У него в мозгу извивалась фраза из сонаты, которую он разучивал.
— Польди…
Ну что еще? Я люблю, люблю вас.
— И чего ради я мучаюсь — ради этой нашей паршивой работы? — Она с театральным жестом поднялась и прислонила инструмент к стене в углу. Включила лампу — яркий круг света кинул тени вслед за изгибами ее тела. — Послушай, Ганс, меня это так нервирует, хоть криком кричи.
В окно шлепал дождь. Ганс тер лоб и смотрел, как она шагает по комнате. Внезапно она заметила на чулке спущенную петлю, раздраженно зашипела, плюнула на кончик пальца и наклонилась намочить край дорожки.
— Никто так не мучается с чулками, как виолончелистки. И ради чего? Номер в гостинице и пять долларов за три часа халтуры каждый вечер. Приходится покупать две пары чулков в месяц. А если их вечером стирать только снизу, сверху все равно рвутся.
Она сдернула чулки, висевшие рядом с бюстгальтером на окне и, стащив с себя старую пару, принялась натягивать новую. У нее были белые ноги, покрытые темными волосками. Возле колен просвечивали голубые вены.
— Извини — тебе же ничего, правда? Ты похож на моего маленького братика, который дома остался. А нас уволят, если я в таких чулках выйду играть.
Он стоял у окна и смотрел на заляпанную дождем стену напротив. Прямо перед ним на карнизе стояли молочная бутылка и банка из‑под майонеза. Внизу вывесили сушиться белье и забыли забрать; оно уныло колыхалось на ветру под дождем. Маленький братик — господи!

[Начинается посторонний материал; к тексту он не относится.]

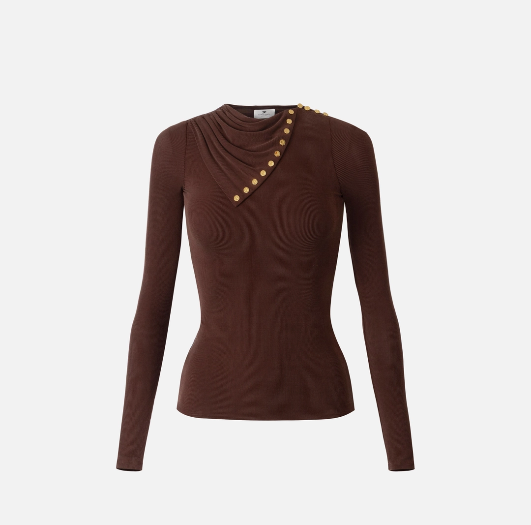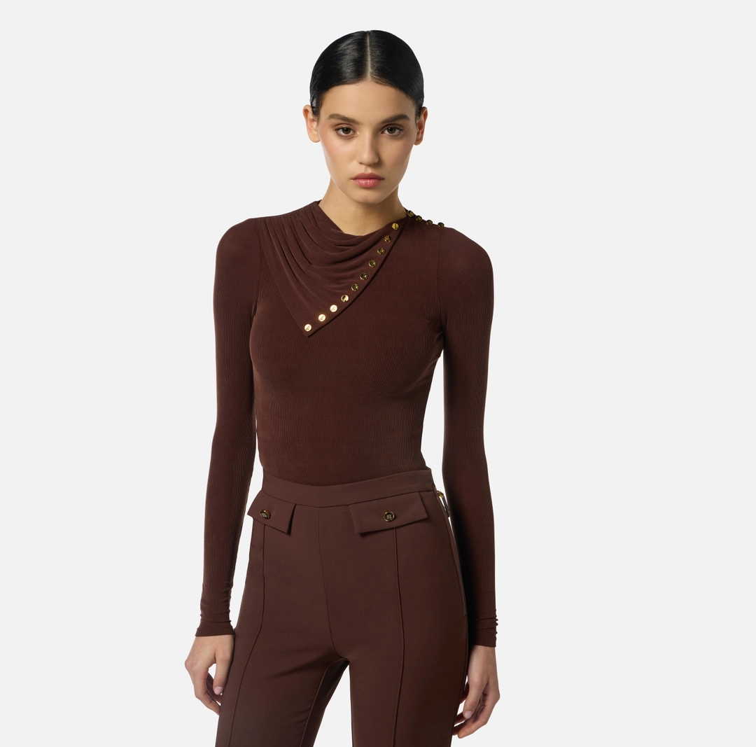 Top din cupro cu o croială subțire (slim fit). Are un guler cu revere drapate, împodobit cu nasturi metalici aurii peste un umăr. O decupaj (cut-out) dezvăluie spatele gol. Tricotajul rebrădat îi conferă o textură bine definită.

— А платья, — нетерпеливо продолжала она. — Все время расползаются по швам, потому что приходится раздвигать колени. Теперь хоть с этим лучше, чем раньше. Мы с тобой уже были знакомы, когда все носили такие короткие юбки? Вот была проблема — и на концерте скромно выглядеть, и за модой следить. Мы с тобой тогда были знакомы?
— Нет, — ответил Ганс. — Два года назад платья были почти такие же.

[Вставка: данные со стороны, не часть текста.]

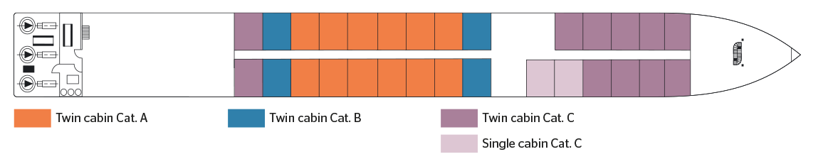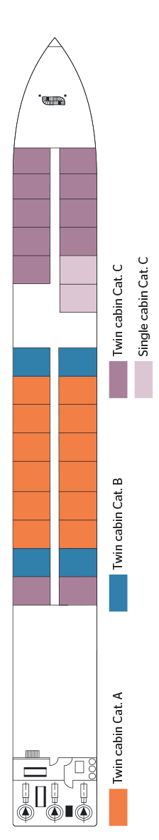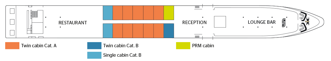 A great figure in the history of France and hero of the American War of Independence, the Marquis de Lafayette gave his name at this superb 5-anchor boat which sails on the Rhine. Completely refurbished in 2014, the MS Lafayette is a 5-anchor boat; human dimension, measuring 90 meters long and 10 meters wide. It can accommodate 82 passengers, in 43 double or single cabins, arranged on two decks. Each of them, with an area varying from 10 to 100 m². of 15 m2, has all the amenities and offers the best living conditions. The interior, very contemporary, with both sober and sparkling has been realized in gray and sand tones, married to; purple and lilac accords. Located at the level of the upper deck, the restaurant, where are served all meals during the trip, offers delicate cuisine in a refined setting, where; large bay windows allow you to take full advantage of the panorama. On this same deck is also the lounge bar with dance floor and central bar, while on the sun deck, an ideal place to relax and admire the landscapes, passengers can have comfortable deckchairs , as well as a large shaded area.
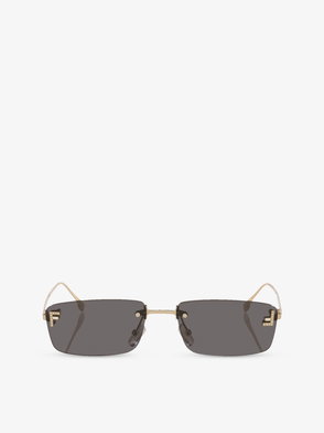 Rectangular Metal Frame Sunglasses With Rhinestone F Detail
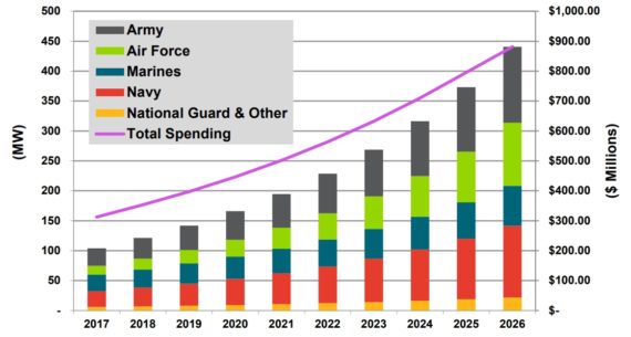 中國儲能網(wǎng)訊:美國市場研究機構(gòu)Navigant Research日前發(fā)布報告稱,作為全球最大的石油消費國,美國國防部預(yù)計將部署軍用微電網(wǎng)以維持其運營,預(yù)計到2026年,軍用微電網(wǎng)每年支出將達到14億美元。

— Да, мы же с тобой два года назад встретились, да?
— Вы были с Гарри после кон…
— Слушай, Ганс. — Она подалась вперед и вгляделась в него очень пристально. Так близко, что ему в ноздри ударил острый запах ее духов. — Я тут весь день чуть с ума не схожу. Из‑за него, понимаешь?
— Из‑за к–кого?
— Ты же понял все — из‑за него — из‑за Курта! Ганс, он меня любит, как ты думаешь?
— Ну–у — но, Польди, сколько раз вы виделись? Вы же почти друг друга не знаете. — У Левиных он отвернулся, когда она хвалила его работу и…
— О, ну и что с того, что я с ним встречалась всего трижды. Подумаешь. Но — как он на меня смотрел, как говорил о моей игре. Какая у него душа. По его музыке видно. Ты когда‑нибудь слышал, чтобы так играли бетховенскую траурную сонату, как он в тот вечер?
— Да, неплохо…
— Он сказал миссис Левин, что в моей игре столько темперамента.
Он не мог на нее взглянуть; его серые глаза впечатались в дождевые струи.
— Он такой gemuetlich[7] Ein Edel Mensch[8] Но что же мне делать? А, Ганс?